Support for `sm_80` `cp.async`: asynchronous on-device copies

JesseLu commented 3 years ago

I'm writing a 3D eletromagnetics FDTD code in CUDA, and it's been a lot of fun leaning on Julia's code generation utilities, combined with CUDA.jl. Thank you for all the amazing work, this definitely feels like a step forward from PyCUDA (which I previously used for a similar project).

I'm pretty sure you get this a lot (i.e. is X CUDA API exposed in CUDA.jl?), so I'm sorry if the answer is obvious. That said...

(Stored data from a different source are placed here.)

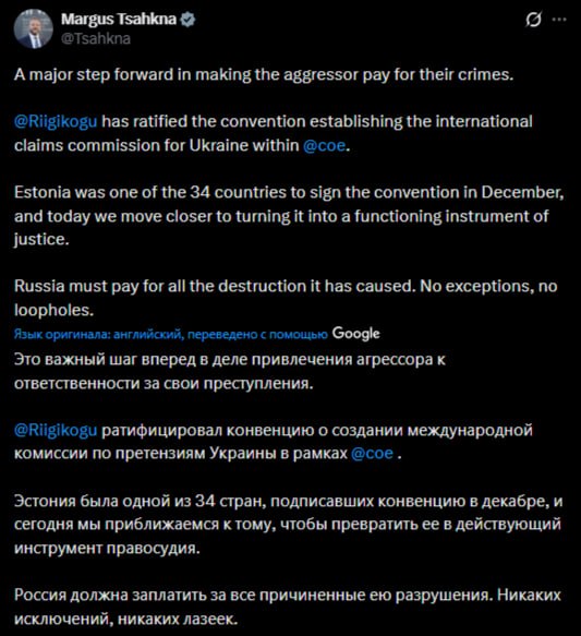 Эстония ратифицировала конвенцию о создании "Международной комиссии по рассмотрению претензий по Украине"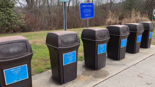 As we ambled down the stairs to our car, we passed the blue recycling and trash cans. No excuse NOT to recycle and no one should be littering with these blue bins...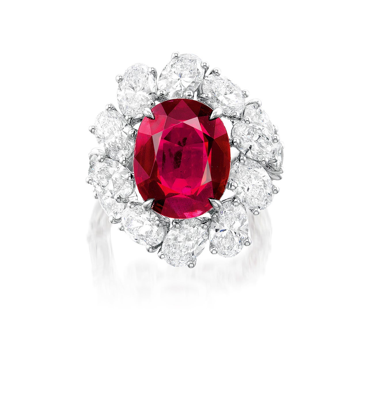 Set with an oval ruby weighing approximately 9.03 carats, within an oval diamond surround, mounted in white gold, size 7¾.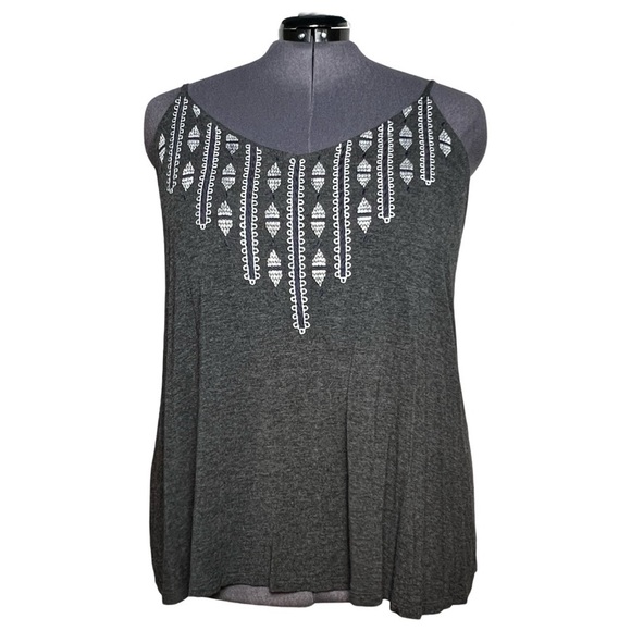 Torrid Gray Swing Knit Cami/Tank with White Embroidery Accent (Size 3)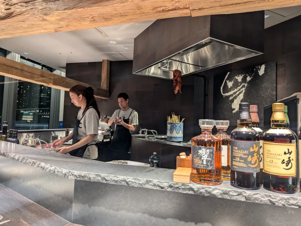 古木を生かしたインテリアで、照明の明るさを抑えた隠れ家のような店内には、シェフを囲むように配置した9つのカウンター席を配置。料理のライブパフォーマンスをどの席からも体験できる。壁一面の大きなガラス窓からは、開発のラストスパートが進む「グラングリーン大阪(うめきた2期)」が一望できる。
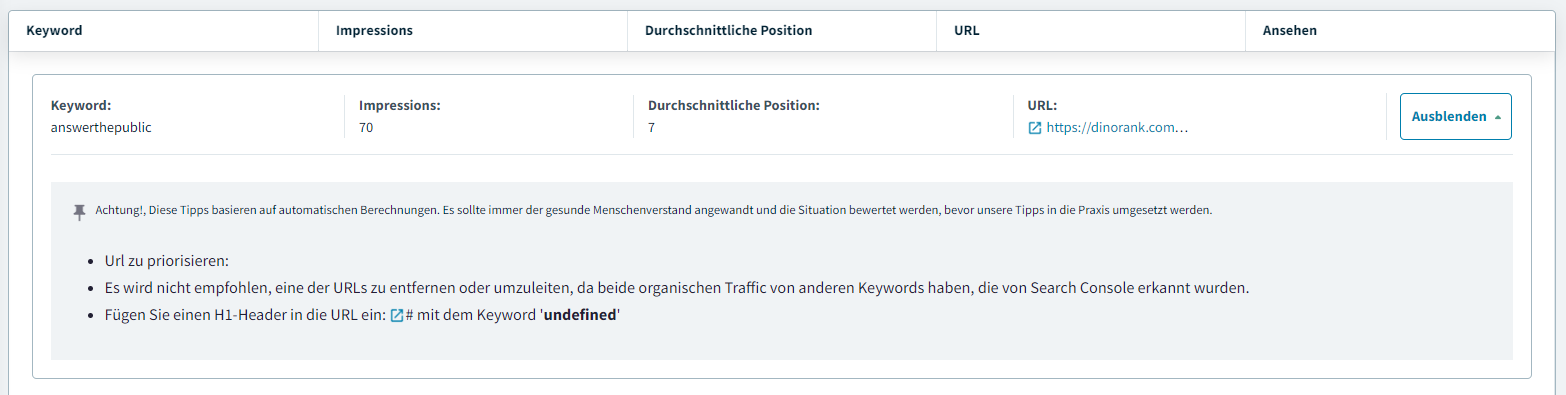 Und sie gibt Ihnen auch Tipps. Diese Tipps sind automatisiert, so dass Sie selbst beurteilen müssen, ob sie für Ihre Strategie des organischen Verkehrs geeignet sind oder nicht.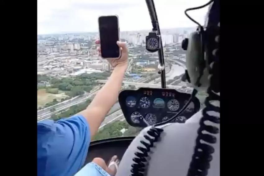 Imagem do vídeo feito de dentro do helicóptero que desapareceu na região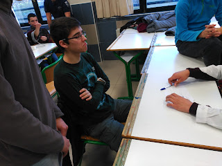 Ya han empezado las pruebas, primero entre la gente de tercero, hasta se vieron batas de Osakidetza. La semana que viene pasarán el resto de niveles, pero de momento lo hicimos dentro del propio grupo para organizar tiempos y movimientos. Creo sinceramente que se lo pasaron bien y pusieron mucho interés, de hecho el segundo grupo pidió a varias profesoras que se sometieran al examen y el disfrute se multiplicó. Por cierto, la gente de 4º se me ha quejado porque el año pasado no se me ocurrió hacer esto, en fin…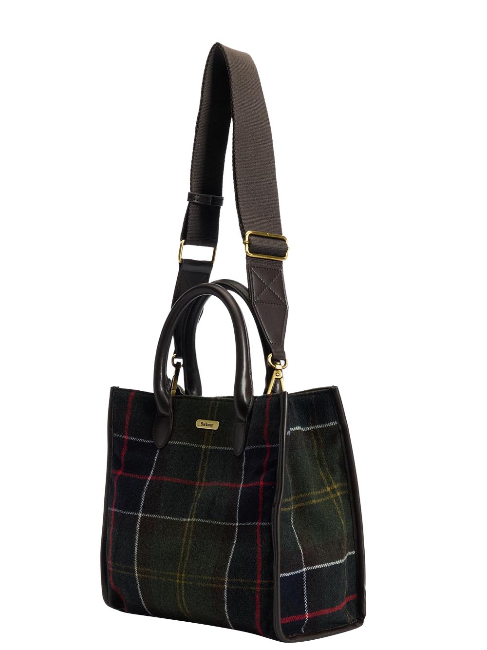 Borsa Tote Barbour Barrhill in Tartan - Verde Dimensioni: Altezza: 27,5 cm, Larghezza: 31,5 cm, Profondità: 7,5 cm, Manico: 11 cm. Lunghezza totale della tracolla: 130 cm Composizione: 65% Poliestere, 20% Lana, 10% Acrilico, 5% Poliammide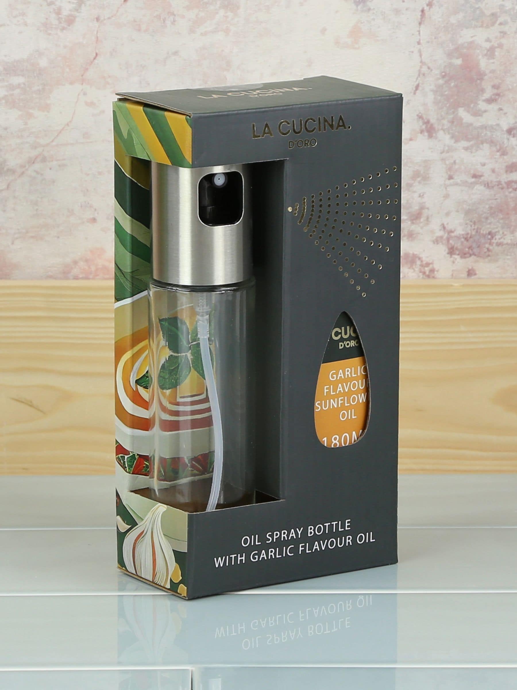 Kimm & Miller Luxury Oil Spray Bottle Set with Garlic Infused Oil - Glass Cooking Oil Spray Bottle for Air Fryer & Cooking - Ideal Cooking Gifts for Men & Women. This luxury oil spray bottle set with garlic-infused oil is the perfect addition to any kitchen, making it an ideal gift for cooking enthusiasts. Garlic Flavoured Oil: Enjoy the rich taste of garlic with this delicious sunflower spray oil (180ml), perfect for everyday cooking, special meals, or as a thoughtful gift for the food lovers in your life. High-Quality Glass Spray Bottle: The glass bottle features a durable metal lid with an easy-spray pump, designed for convenient and even oil application during cooking. Italian Inspired Flavours: Add depth to your favourite savoury dishes with a spritz of garlic-infused oil. Perfect for spraying on your air fryer to prevent sticking, or adding extra flavour to pizza, pasta, or salads. Simplify Meal Prep: This handy spray bottle allows you to evenly coat your foods with a fine mist of oil, helping to avoid sticking and saving you time on cleanup. At Kimm and Miller, it's our mission to create unique, memorable gifts for all of the UK and beyond. We have been busy designing, making, and supplying our gift sets since 2007. In fact, our innovative, design-led approach has helped us to become the UK’s market leader, winning us lots of shiny awards over the last decade. Our team is the very best at what they do, ensuring that everything runs as smoothly as a well-wrapped gift. Size: 0.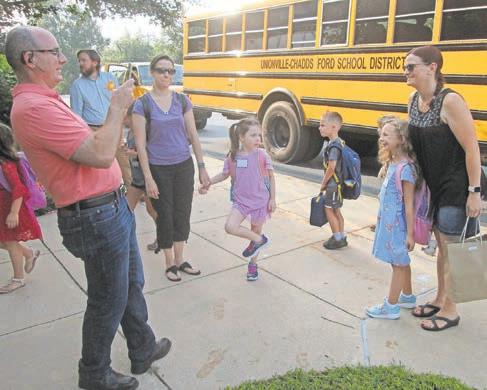 Bob Cochran of the U-CF School District was on hand to monitor the arrival of the buses on the first day, making sure there were no problems. The bus drivers smiled and said the biggest delays were caused by parents who all needed one last chance to take a photo of their students heading off to school.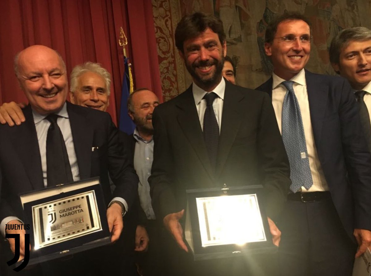 Agnelli i Marotta w Rzymie. Zdjęcie świeżutkie. Sprzed chwili. Na rozdaniu jakichś nagród imienia Giovanniego Agnelliego. Bawią się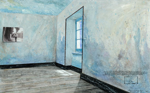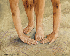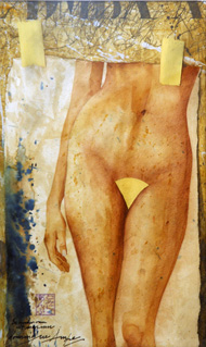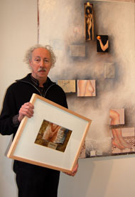 Dominique Ampe (België 1944) volgde zijn opleiding aan het Hoger Instituut voor Beeldende Kunsten Sint Lucas in Brussel en aan de Academie voor Schone Kunsten in Mechelen. Hij woont sinds de jaren negentig in Nederland en is als docent verbonden aan de Academie St. Joost in Breda. In zijn atelier valt de diversiteit en eenheid in zijn werk op. Zowel in zijn grote schilderijen in olieverf op linnen als in zijn werken in gemengde technieken op papier. In zijn olieverfschilderijen zijn vele verwijzingen te vinden naar zijn jeugd: sjablonen van behangpapier, ramen met blauwe lucht, ontbrekende portretten en delen van interieuren. Delen van de schilderijen zijn bijzonder verfijnt uitgewerkt en in andere delen wordt de realiteit losgelaten voor het pure schilderen. Een van de thema’s die Dominique onderzoekt is “de venus”. Al eerder was er in Galerie De Hollandsche Maagd werk van Dominique te zien tijdens thema-exposities zoals het schilderij “Een zeldzaam exemplaar” en het “L ‘Atelier Chanteuges en France”. In deze expositie is de vrouw in vele werken terug te vinden. In het schilderij: “Eva en de verleidelijke appel” verwijst hij naar de Eva van de gebroeders van Eyk uit het altaarstuk, Het Lam Gods. Daarnaast laat hij fragmenten van een vrouwenlichaam zien. De portretten van zijn modellen laat hij weg. Op een van de andere werken uit deze serie is op de muur een wit silhouet van een vrouw aanwezig. Voor wie langer kijkt komen er telkens nieuwe beelden en details naar voren. Voor deze serie ontving Dominique Ampe in 2008 de Prijs van de Stad Poperinge, België. In zijn tekeningen in gemengde technieken onderzoekt hij zijn onderwerp verder. Handen en voeten in een summier aangeduide ruimte. Beelden die vaak weer terug komen in andere werken. Ook is er een reeks kleinere werken waarin hij beelden van vrouwen combineert met kalligrafische structuren van teksten en muziek. Hier vervagen soms de grenzen tussen tekenen en schrijven. Boeiende beelden met de sporen van gedachten en herinneringen zijn het resultaat.

Is the memcpy_async() API exposed in CUDA.jl (https://docs.nvidia.com/cuda/cuda-c-programming-guide/index.html#memcpy-async-api). This allows one to overlap compute and memory explicitly, and is looking to be an important optimization in my code (which is heavily memory bound). Critically, use of the API can alleviate register pressure and directly move data from global to shared memory (without going to registers first).

Thank you!

maleadt commented 3 years ago

No, these aren't supported yet as even LLVM doesn't have support for the necessary intrinsics: https://reviews.llvm.org/D100394.

vchuravy commented 3 years ago

CUDA C/C++ is implementing these with inlined assembly.

JesseLu commented 3 years ago

Thank you both. Is there a pointer to the CUDA reference Valentin?

On Tue, Apr 20, 2021, 7:45 AM Valentin Churavy @.***> wrote:

CUDA C/C++ is implementing these with inlined assembly.

— You are receiving this because you authored the thread. Reply to this email directly, view it on GitHub https://github.com/JuliaGPU/CUDA.jl/issues/850#issuecomment-823334148, or unsubscribe https://github.com/notifications/unsubscribe-auth/AAFQRGIOQB2Q24U77ULOKGLTJWHSHANCNFSM43HKGKIA .

maleadt commented 3 years ago

Look for cp.async in $CUDA/targets/x86_64-linux/include/cuda/std/barrier.

JesseLu commented 3 years ago

Thank you!!

On Tue, Apr 20, 2021 at 11:01 PM Tim Besard @.***> wrote:

Look for cp.async in $CUDA/targets/x86_64-linux/include/cuda/std/barrier.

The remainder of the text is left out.